[Extracted records]
- Opening Delimiter -
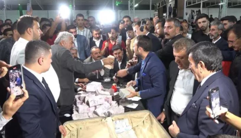 2 ton etli yemeğin dağıtıldığı düğün törenine Aşiret liderleri, kanaat önderleri, STK başkanları, iş adamları ve çok sayıda davetli katıldı. 4 saat süren ve yaklaşık 20 kişinin saydığı takı töreninin sonunda damada 15 milyon TL, geline ise 2 kilo altın takıldı. Toplanılan paralar bavullara konularak taşınırken, takı töreninin ardından yüzlerce kişi halay çekti.
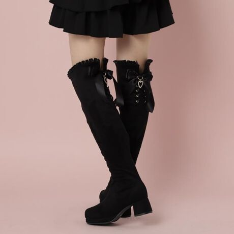 かわいく盛れちゃう♪フリル×リボン付きロングブーツ!
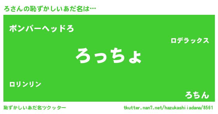| ヘコむあだ名 | 『なまこ酢』『ろ(震え声)』『ろっぺ』 |
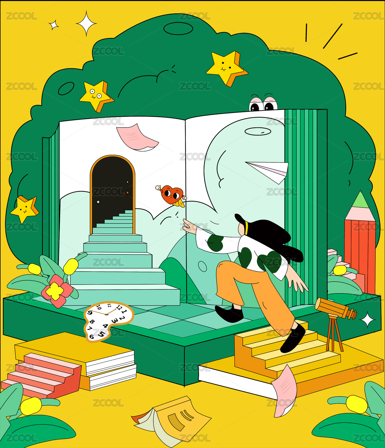 教育类书本阶梯奔向梦想清新插画
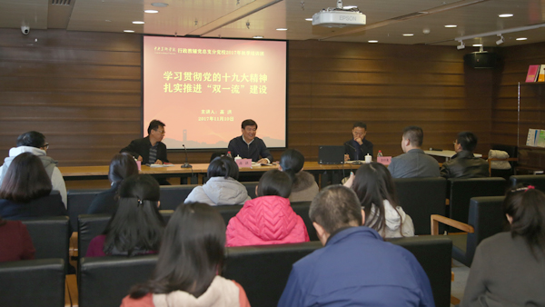 2017年11月10日,行政教辅部门联合党总支分党校2017年秋季培训班邀请党委书记高洪做“学习贯彻十九大精神,扎实推进‘双一流’建设”专题辅导讲座。各行政教辅党支部委员、分党校全体学员,以及部分青年教师一同聆听讲座。
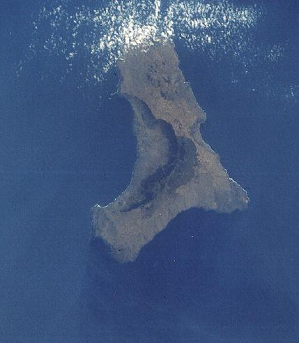 The island of Heirro in the Canary group is some 400 kilometers west of the Atlantic coast of Morocco. At one time this volcanic island was much larger. Half the old crater at left center is still seen but at some time in the distant past a massive eruption destroyed the other half of the island, crater and all. 22 July 1975. (AST-23-1939)
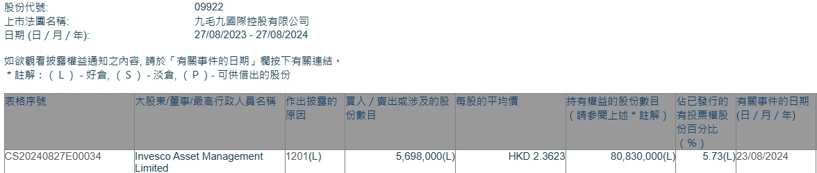智通财经APP获悉,香港联交所最新资料显示,8月23日,景顺资产管理减持九毛九(09922)569.8万股,平均每股作价2.3623港元,总金额约为1346.04万港元。减持后最新持股数目为8083万股,最新持股比例为5.73%。
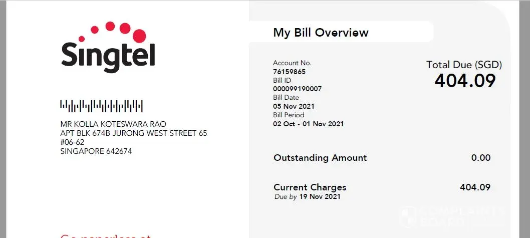 we waited for one over week for Singtel to respond on this matter, and they have sat on this matter, of course again it's the customer's fault because the 76 year old customer did not complain, but their children did.
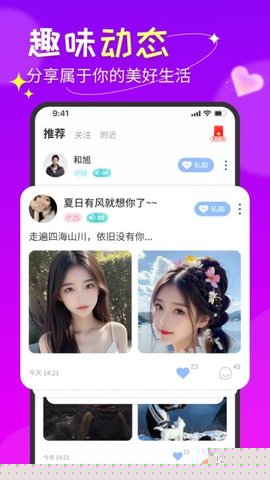 听缘是一款专注于线上真实社交的移动软件,通过双重认证机制与智能匹配算法,为用户构建安全可靠的交友环境,汇聚了经过实名验证的真实用户,并依据兴趣标签与地理位置进行个性化推荐,帮助用户高效拓展社交圈,实现在线聊天、动态分享及同城互动等多种社交功能。
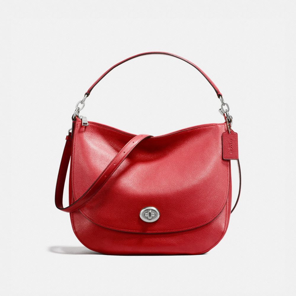 Polished pebble leather| Inside zip, cell phone and multifunction pockets| Zip-top closure, fabric lining| Handle with 10 1/2" drop| Outside turnlock pocket| Detachable strap with 22 1/2" drop for shoulder or crossbody wear| 13" (L) x 11 1/2" (H) x 3 3/4" (W)
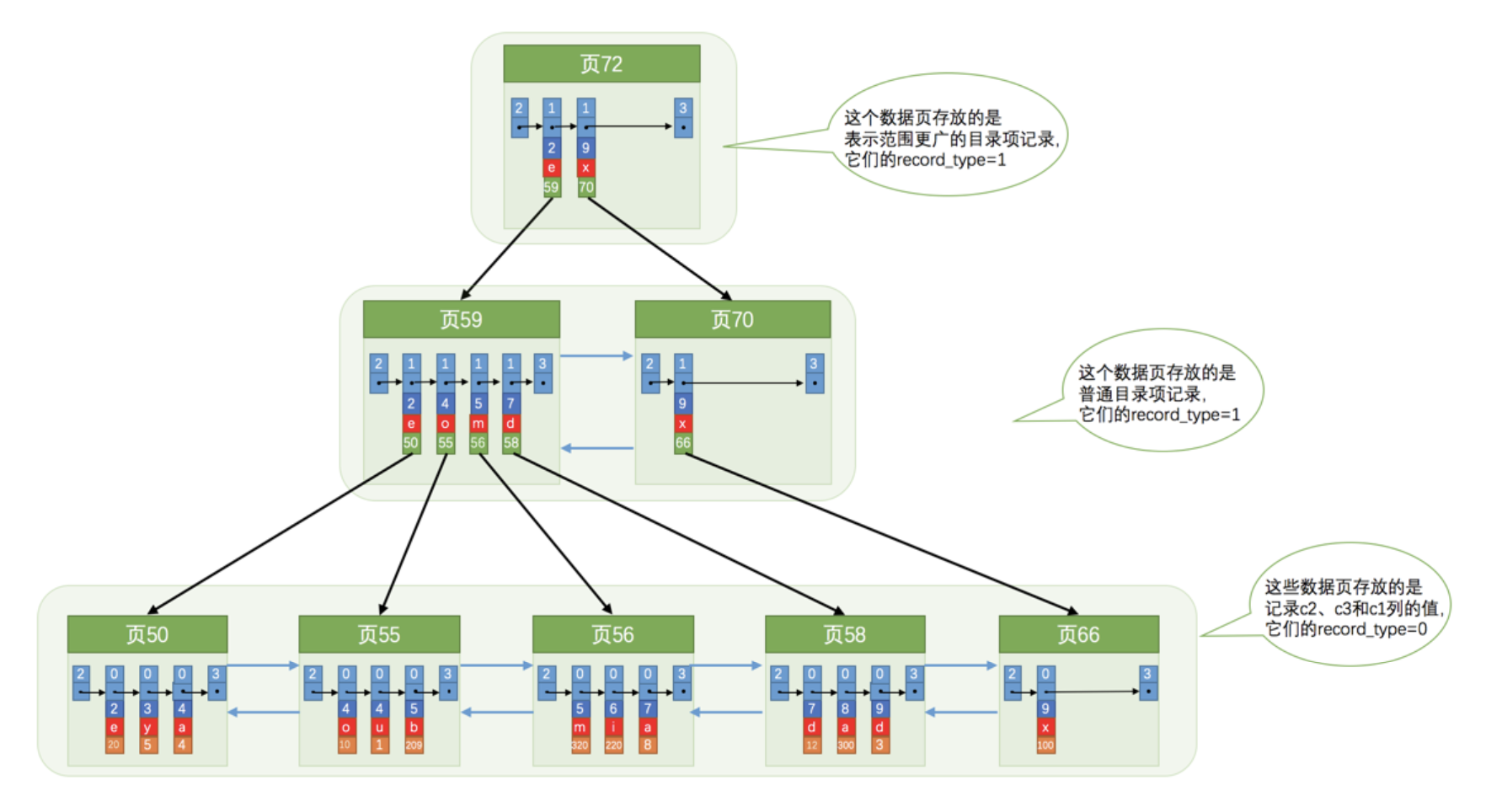a).每条 目录项记录 都由 c2 、 c3 、 页号 这三个部分组成,各条记录先按照 c2 列的值进行排序,如果记录的 c2 列相同,则按照 c3 列的值进行排序。b).B+ 树叶子节点处的用户记录由 c2 、 c3 和主键 c1 列组成。
- Closing Delimiter -
WHAT TO PRODUCE: Write out again, exactly, each line from the one with "听缘是一款专注于线上真实社交" to the end of the entries. No pictures go in.

WRITTEN RESPONSE:
 听缘是一款专注于线上真实社交的移动软件,通过双重认证机制与智能匹配算法,为用户构建安全可靠的交友环境,汇聚了经过实名验证的真实用户,并依据兴趣标签与地理位置进行个性化推荐,帮助用户高效拓展社交圈,实现在线聊天、动态分享及同城互动等多种社交功能。
 Polished pebble leather| Inside zip, cell phone and multifunction pockets| Zip-top closure, fabric lining| Handle with 10 1/2" drop| Outside turnlock pocket| Detachable strap with 22 1/2" drop for shoulder or crossbody wear| 13" (L) x 11 1/2" (H) x 3 3/4" (W)
a).每条 目录项记录 都由 c2 、 c3 、 页号 这三个部分组成,各条记录先按照 c2 列的值进行排序,如果记录的 c2 列相同,则按照 c3 列的值进行排序。b).B+ 树叶子节点处的用户记录由 c2 、 c3 和主键 c1 列组成。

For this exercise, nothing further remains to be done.